(Source information begins)
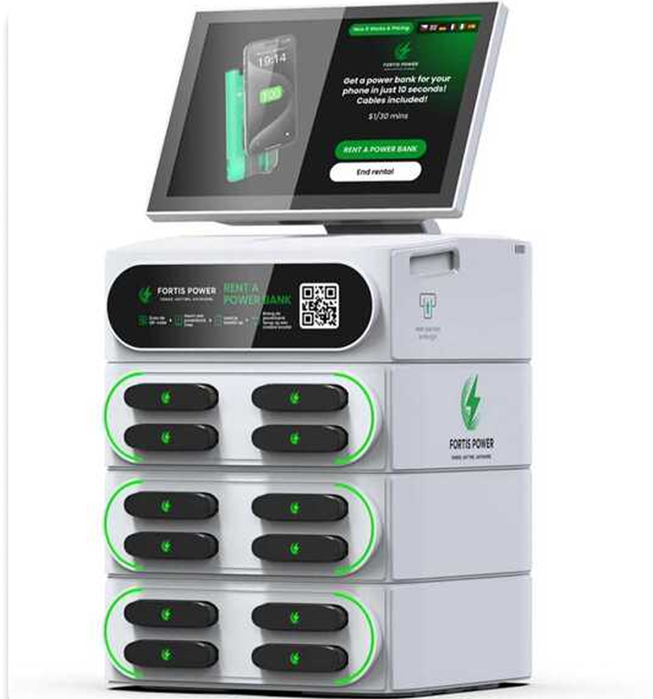 Simply scan the QR code on the station using the Fortis Power App, make a quick payment, and instantly receive a fully charged powerbank. No delays, no fuss — just fast and easy access to power on the go.
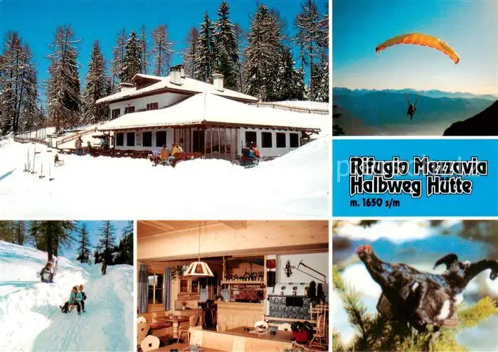 AK / Ansichtskarte Mendelpass_1363m_Passo_della_Mendola_IT Schutzhaus Halbweg Gleitschirmflieger Gastaum Schlittenfahrt Auerhahn
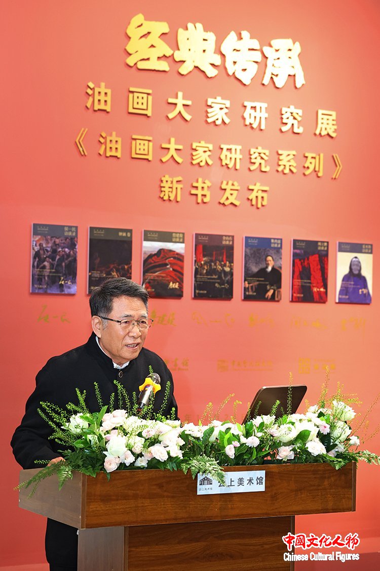 中国文化人物(主编 王保胜)11月1日,由中国艺术研究院和商务印书馆联合主办,中国艺术研究院油画院云上美术馆和商务印书馆太原分馆承办的“经典传承·油画大家研究展”开幕式暨《经典传承·油画大家研究系列》新书发布会在云上油画博物馆举行。原文化部副部长王文章,中央美术学院原院长靳尚谊,中央美术学院院长林茂,商务印书馆副总编辑李霞,商务印书馆太原分馆总编辑张艳丽,中国艺术研究院油画院名誉院长杨飞云,港澳台美协主席蔡豪杰,中国艺术研究院文献馆馆长郑光旭,河北美术学院理事长张丽,浙江全山石艺术中心副馆长魏新燕,全山石艺术中心宣传部主任王文杰,中国国家画院油画所所长赵培智,河北美术学院造型学院院长姜兴达,河北美术学院造型学院副院长杜琛,中国艺术研究院培训中心主任刘波,中国艺术研究院雕塑院常务院长郅敏,首都师范大学美术馆策展部主任范明正,中体建国集团董事长吴永生,上海俊柔服装设计创始人许少菱,杭州俊之柔服饰设计总经理许雪蓉,璀璨聚星文化集团董事长王国胜,时代金港集团联席总裁刘国,中国圆明园学会理事李欣,中数投资(成都)总经理柴红,中国国贸物业集团市场总监陶领,汇能创投执行董事张勇,以及姜国宁、朱源洪、董一沙、谢东明、孙立新、朱青生、吴宁、刘建平、龙力游、孙纲、林森、刘小东、喻红、胡西丹、侯珊瑚、詹滢、钟粟、仲伟生、马刚、马琳、张义波、白晓刚、叶楠、李荣林、康蕾、裴咏梅、张立农、贠红霞、徐冬青、刘庆军、李欣阳、郭恬、刘博阳、张海磊、马晨桓、薛亚娟、孙文刚、徐晓东、韩洪伟、黄胜贤、赵艳婷、谢意、许珂、石婷婷等前辈画家的亲属、艺术家、学者和社会各界嘉宾出席。中央美术学院院长林茂、中央美术学院原院长靳尚谊、中国艺术研究院油画院名誉院长杨飞云、港澳台美协主席蔡豪杰等先后致辞,商务印书馆副总编辑李霞致辞并宣布《经典传承·油画大家研究系列》丛书新书正式发布,原文化部副部长王文章宣布“经典传承・油画大家研究展”开幕。中国艺术研究院油画院院长朱春林主持。
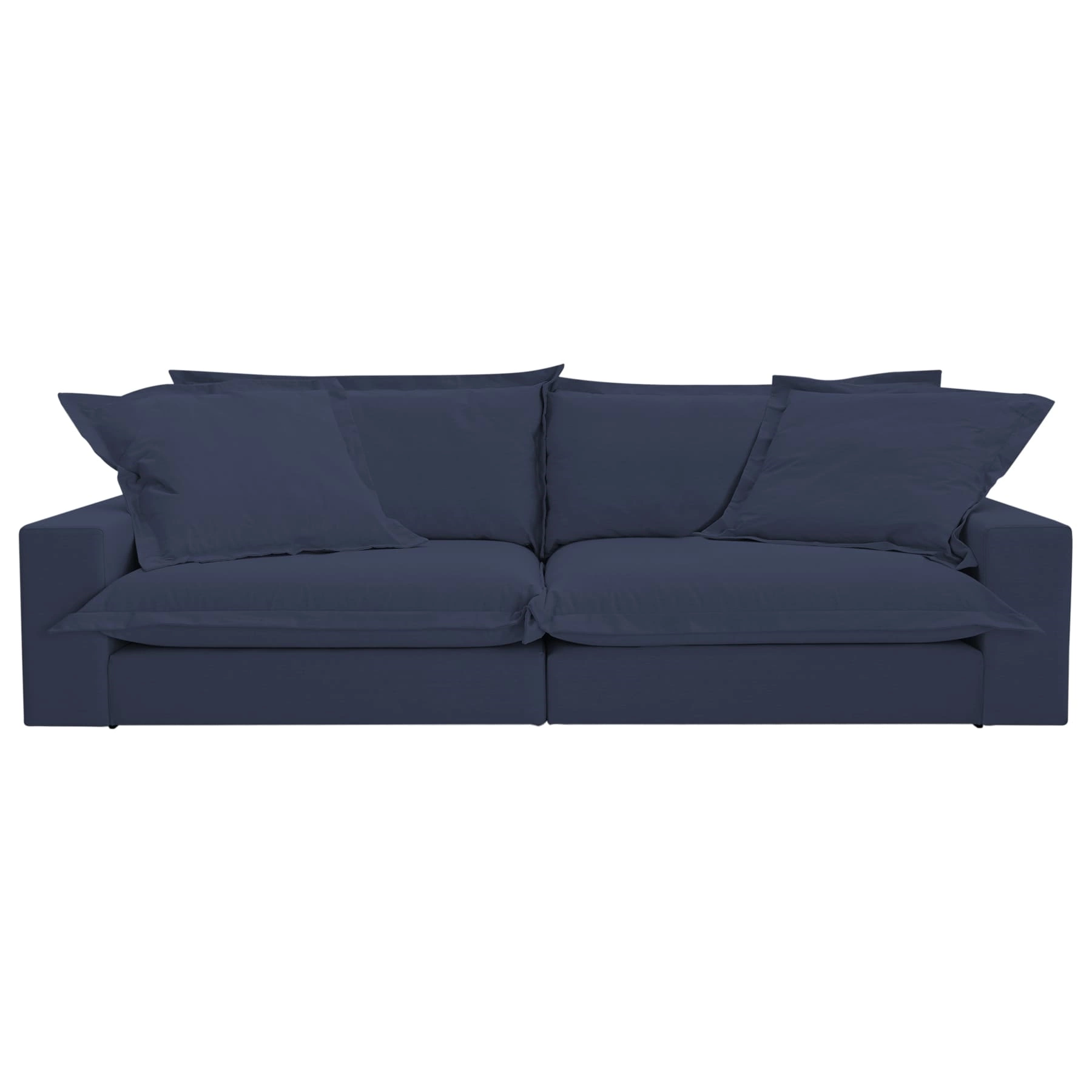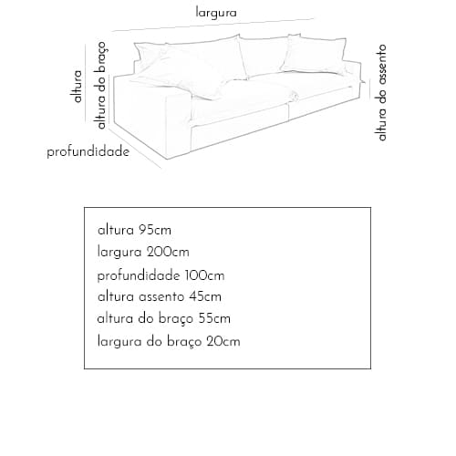 Muito conforto com almofadas soltas e o detalhe lindo da costura com borda de 4cm. Um sofá perfeito para living e sala de TV, com desenho clássico e aquela sensação de aconchego.
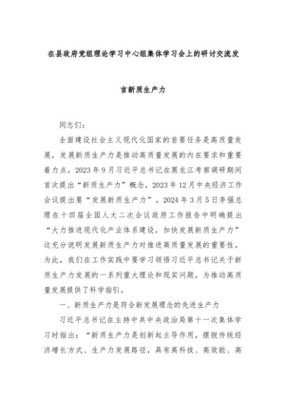 【七哥公文】2024年:在县政府党组理论学习中心组集体学习会上的研讨交流发言新质生产力+更多免费公文+VX:QiGeGongWen2024
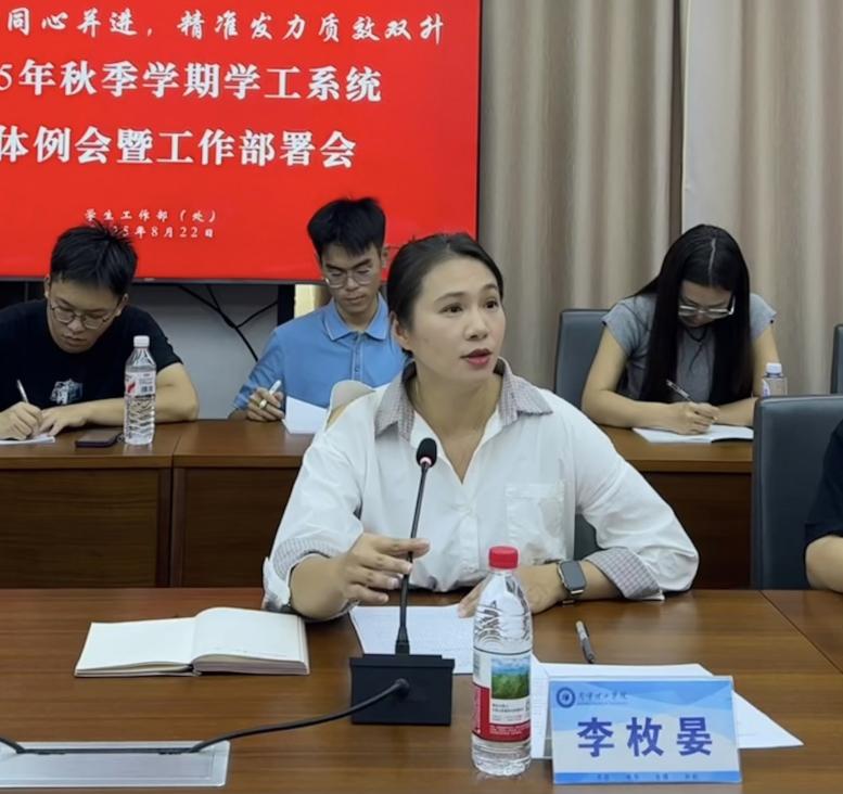 会上,李枚晏部(处)长聚焦当前阶段核心任务,就意识形态阵地建设、校园安全稳定保障、新生报到服务保障、入学教育体系构建、新生研学活动组织、优良学风培育、校园文明行为规范养成、辅导员专业队伍建设及国际化育人平台搭建等重点工作,进行了系统且详尽的部署,同时清晰明确了下一阶段的具体工作方向、实施步骤与责任要求,进一步压实工作责任、细化落实举措。她指出,学工系统全体成员要坚持落实“立德树人”根本任务,牢固树立校园安全稳定底线思维,以高质量思政教育引领高质量育人工作,以国际化为导向,明确工作重点,以品质化为目标,做好内涵提升,为学校高速发展提供强有力的保障与支撑。她强调,要继续探索学生工作的实施内容、载体和方法,明确目标,细化措施,确保各项工作落到实处,凝心聚力,开拓创新,共同书写新学期的育人答卷。
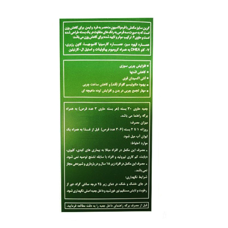 قرص سبز رنگ: عصاره گارسینیا کامبوجیا، استیل ال-کارنیتین و کتون رازبری (نوعی تمشک)
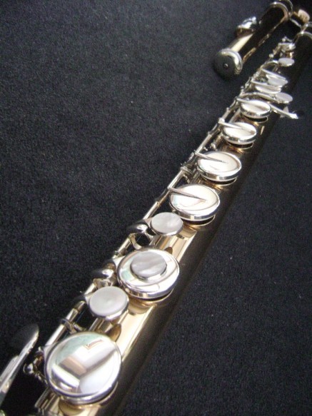 - Gold brass clear lacquered head joint, body and foot joint
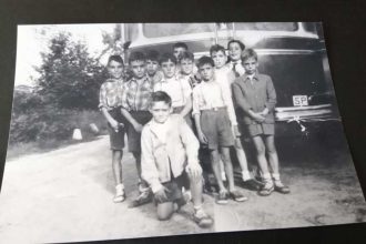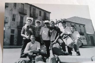 Anys 60. Ctra. de Vic, anant d’excursió. Ajupit: Josep Sala. Drets: Josep…
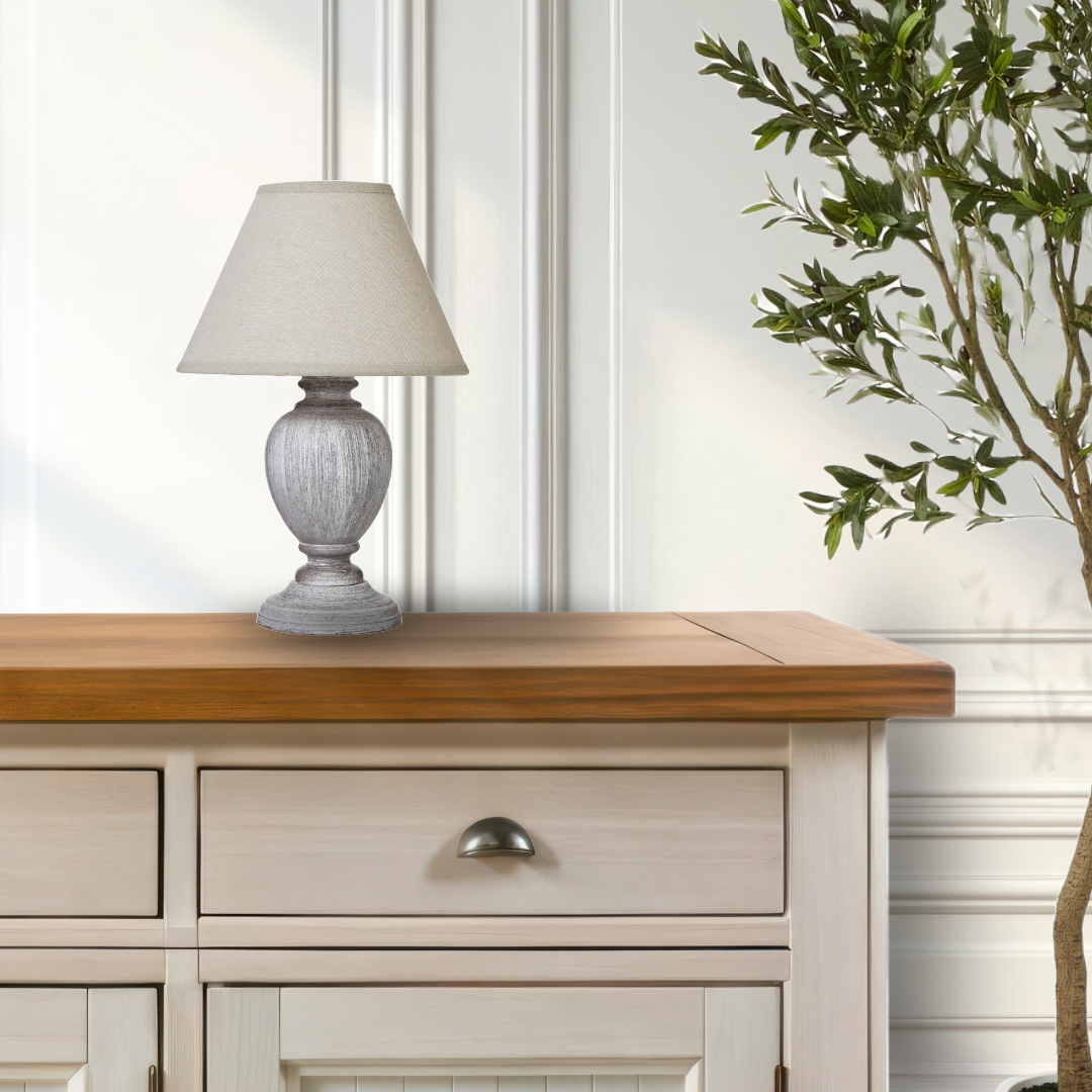 This small lamps distressed base and linen shade exude timeless charm, while its unique urn silhouette lends an artisanal quality. Versatile for diverse interior styles, this captivating piece is a must-have lighting solution.
(Source information ends)
Apart from the pictures, the entries above are to be repeated in full and exactly.

 Simply scan the QR code on the station using the Fortis Power App, make a quick payment, and instantly receive a fully charged powerbank. No delays, no fuss — just fast and easy access to power on the go.
 AK / Ansichtskarte Mendelpass_1363m_Passo_della_Mendola_IT Schutzhaus Halbweg Gleitschirmflieger Gastaum Schlittenfahrt Auerhahn
 中国文化人物(主编 王保胜)11月1日,由中国艺术研究院和商务印书馆联合主办,中国艺术研究院油画院云上美术馆和商务印书馆太原分馆承办的“经典传承·油画大家研究展”开幕式暨《经典传承·油画大家研究系列》新书发布会在云上油画博物馆举行。原文化部副部长王文章,中央美术学院原院长靳尚谊,中央美术学院院长林茂,商务印书馆副总编辑李霞,商务印书馆太原分馆总编辑张艳丽,中国艺术研究院油画院名誉院长杨飞云,港澳台美协主席蔡豪杰,中国艺术研究院文献馆馆长郑光旭,河北美术学院理事长张丽,浙江全山石艺术中心副馆长魏新燕,全山石艺术中心宣传部主任王文杰,中国国家画院油画所所长赵培智,河北美术学院造型学院院长姜兴达,河北美术学院造型学院副院长杜琛,中国艺术研究院培训中心主任刘波,中国艺术研究院雕塑院常务院长郅敏,首都师范大学美术馆策展部主任范明正,中体建国集团董事长吴永生,上海俊柔服装设计创始人许少菱,杭州俊之柔服饰设计总经理许雪蓉,璀璨聚星文化集团董事长王国胜,时代金港集团联席总裁刘国,中国圆明园学会理事李欣,中数投资(成都)总经理柴红,中国国贸物业集团市场总监陶领,汇能创投执行董事张勇,以及姜国宁、朱源洪、董一沙、谢东明、孙立新、朱青生、吴宁、刘建平、龙力游、孙纲、林森、刘小东、喻红、胡西丹、侯珊瑚、詹滢、钟粟、仲伟生、马刚、马琳、张义波、白晓刚、叶楠、李荣林、康蕾、裴咏梅、张立农、贠红霞、徐冬青、刘庆军、李欣阳、郭恬、刘博阳、张海磊、马晨桓、薛亚娟、孙文刚、徐晓东、韩洪伟、黄胜贤、赵艳婷、谢意、许珂、石婷婷等前辈画家的亲属、艺术家、学者和社会各界嘉宾出席。中央美术学院院长林茂、中央美术学院原院长靳尚谊、中国艺术研究院油画院名誉院长杨飞云、港澳台美协主席蔡豪杰等先后致辞,商务印书馆副总编辑李霞致辞并宣布《经典传承·油画大家研究系列》丛书新书正式发布,原文化部副部长王文章宣布“经典传承・油画大家研究展”开幕。中国艺术研究院油画院院长朱春林主持。
 Muito conforto com almofadas soltas e o detalhe lindo da costura com borda de 4cm. Um sofá perfeito para living e sala de TV, com desenho clássico e aquela sensação de aconchego.
 【七哥公文】2024年:在县政府党组理论学习中心组集体学习会上的研讨交流发言新质生产力+更多免费公文+VX:QiGeGongWen2024
 会上,李枚晏部(处)长聚焦当前阶段核心任务,就意识形态阵地建设、校园安全稳定保障、新生报到服务保障、入学教育体系构建、新生研学活动组织、优良学风培育、校园文明行为规范养成、辅导员专业队伍建设及国际化育人平台搭建等重点工作,进行了系统且详尽的部署,同时清晰明确了下一阶段的具体工作方向、实施步骤与责任要求,进一步压实工作责任、细化落实举措。她指出,学工系统全体成员要坚持落实“立德树人”根本任务,牢固树立校园安全稳定底线思维,以高质量思政教育引领高质量育人工作,以国际化为导向,明确工作重点,以品质化为目标,做好内涵提升,为学校高速发展提供强有力的保障与支撑。她强调,要继续探索学生工作的实施内容、载体和方法,明确目标,细化措施,确保各项工作落到实处,凝心聚力,开拓创新,共同书写新学期的育人答卷。
 قرص سبز رنگ: عصاره گارسینیا کامبوجیا، استیل ال-کارنیتین و کتون رازبری (نوعی تمشک)
 - Gold brass clear lacquered head joint, body and foot joint
 Anys 60. Ctra. de Vic, anant d’excursió. Ajupit: Josep Sala. Drets: Josep…
 This small lamps distressed base and linen shade exude timeless charm, while its unique urn silhouette lends an artisanal quality. Versatile for diverse interior styles, this captivating piece is a must-have lighting solution.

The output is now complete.